== Work to be completed ==
Print the entries verbatim, leaving out the images they contain.

== Supplied entries ==
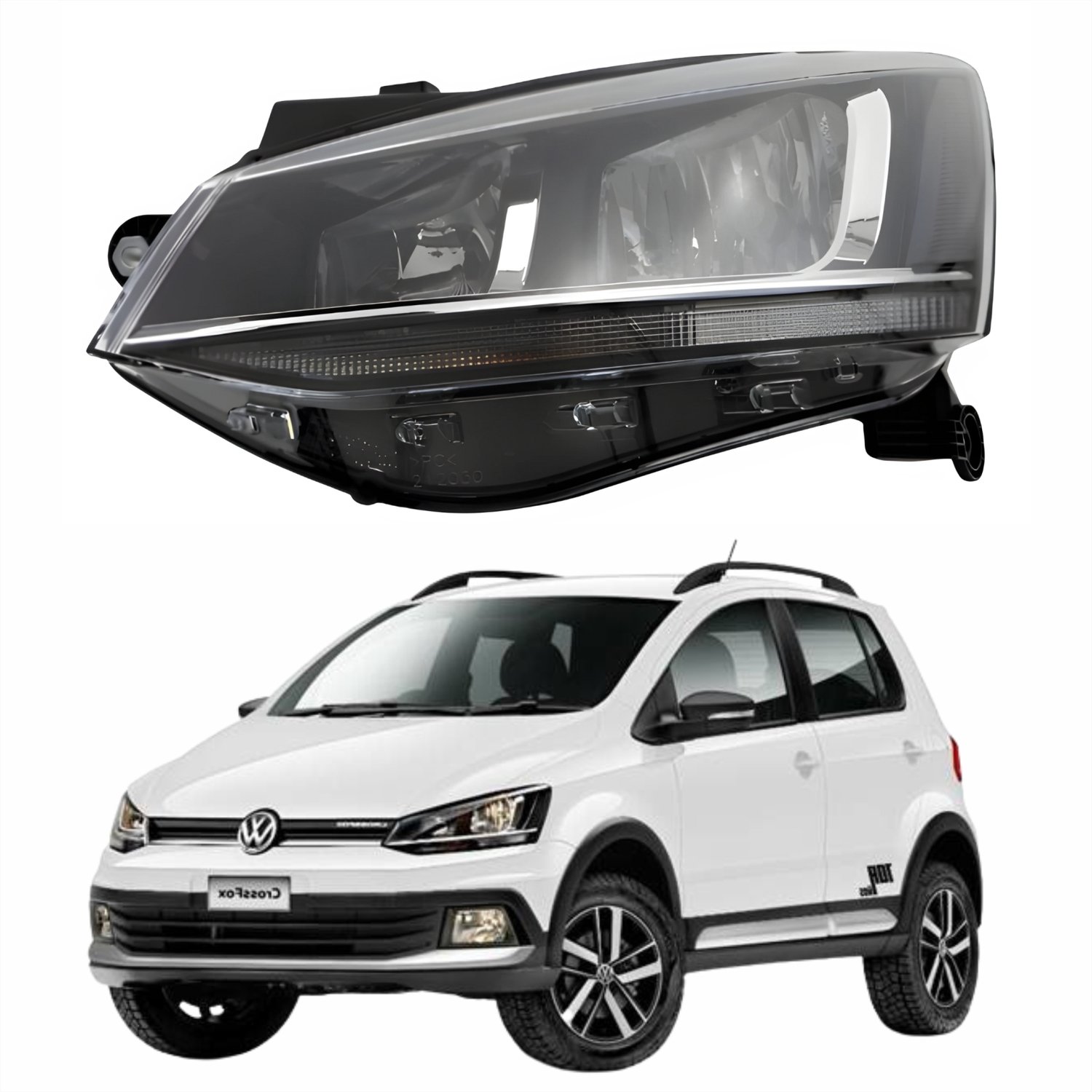 Farol Vw Crossfox 2015 Até 2019 Máscara Negra Friso Cromado Lado Esquerdo Motorista
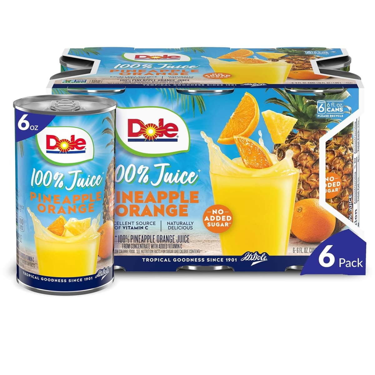 Dole All Natural 100% Pineapple Orange Juice, 6 fl oz, 6 Count Cans
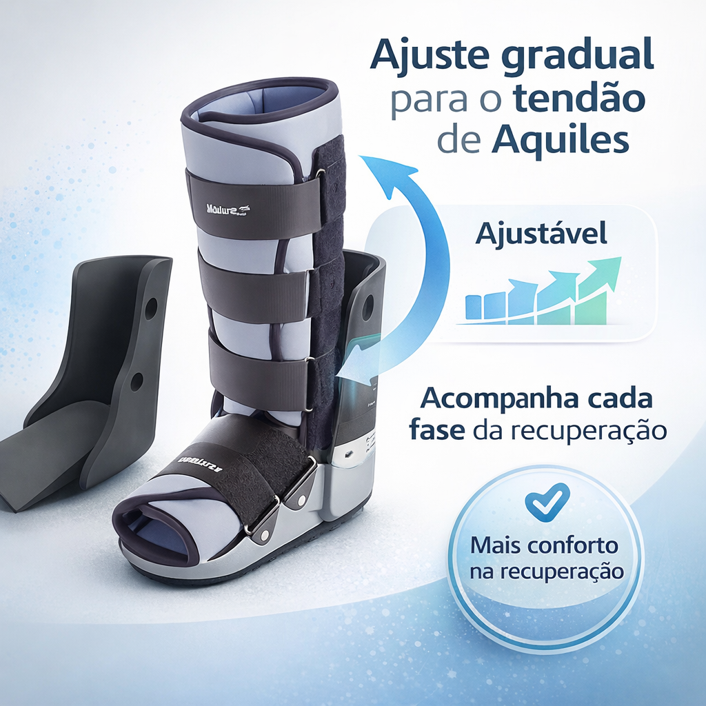 Serve para proteger e estabilizar o tornozelo e o tendão de Aquiles enquanto o paciente avança em uma reabilitação funcional com mobilização ativa e, quando indicado, carga precoce. O ajuste gradual do ângulo ajuda a respeitar o tempo de cicatrização, reduzindo a inclinação até a posição neutra (0°) conforme a evolução clínica.
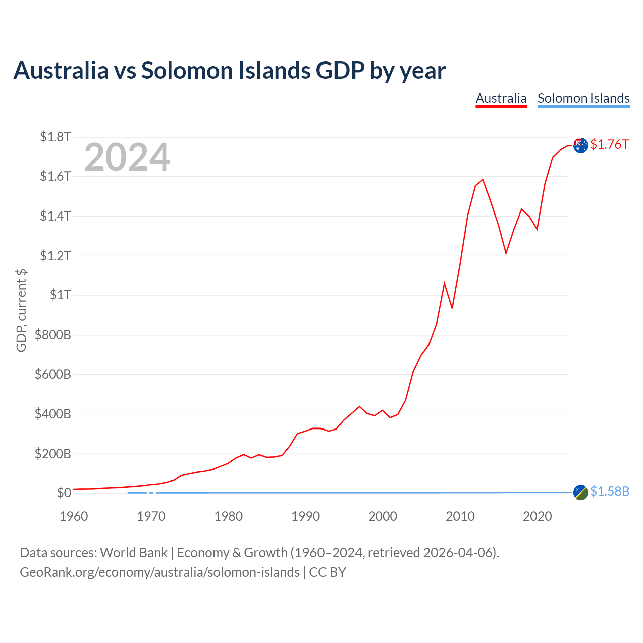 Australia has a GDP of $1.76T compared to $1.58B for the Solomon Islands, ranking 14/197 and 182/197 by economy size, respectively.
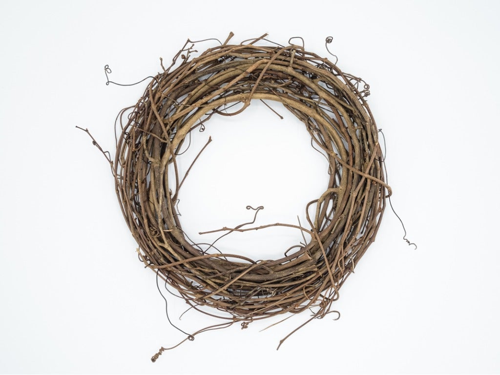 Nu är din DIY-krans av vinstockar klar att monteras. Använd flera långa strängar och linda dem till en cirkel i den storlek du vill ha din krans. Använd sedan andra strängar och linda dem runt och genom huvudcirkeln, använd rankorna för att hålla materialet på plats. Fortsätt linda tills du har den omkrets du önskar.
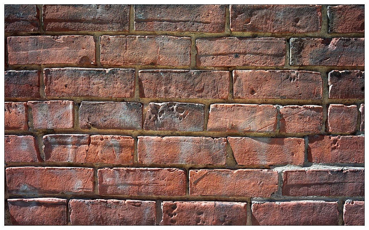 Foto di oggi? La scorsa estate stavo pedalando per il centro di Montreal (ero letteralmente in giro in bicicletta) e ho trovato alcuni muri eretti con i vecchi mattoni che venivano fabbricati in una fornace ormai chiusa da anni. Gli operai mettevano ad essiccare i mattoni all’esterno ed era tipico vedere dei gatti passeggiarci sopra, lasciando le loro impronte, che poi venivano “cotte” e consegnate ai posteri: al centro se ne vede una ….

== Result of this exercise ==
 Farol Vw Crossfox 2015 Até 2019 Máscara Negra Friso Cromado Lado Esquerdo Motorista
 Dole All Natural 100% Pineapple Orange Juice, 6 fl oz, 6 Count Cans
 Serve para proteger e estabilizar o tornozelo e o tendão de Aquiles enquanto o paciente avança em uma reabilitação funcional com mobilização ativa e, quando indicado, carga precoce. O ajuste gradual do ângulo ajuda a respeitar o tempo de cicatrização, reduzindo a inclinação até a posição neutra (0°) conforme a evolução clínica.
 Australia has a GDP of $1.76T compared to $1.58B for the Solomon Islands, ranking 14/197 and 182/197 by economy size, respectively.
 Nu är din DIY-krans av vinstockar klar att monteras. Använd flera långa strängar och linda dem till en cirkel i den storlek du vill ha din krans. Använd sedan andra strängar och linda dem runt och genom huvudcirkeln, använd rankorna för att hålla materialet på plats. Fortsätt linda tills du har den omkrets du önskar.
 Foto di oggi? La scorsa estate stavo pedalando per il centro di Montreal (ero letteralmente in giro in bicicletta) e ho trovato alcuni muri eretti con i vecchi mattoni che venivano fabbricati in una fornace ormai chiusa da anni. Gli operai mettevano ad essiccare i mattoni all’esterno ed era tipico vedere dei gatti passeggiarci sopra, lasciando le loro impronte, che poi venivano “cotte” e consegnate ai posteri: al centro se ne vede una ….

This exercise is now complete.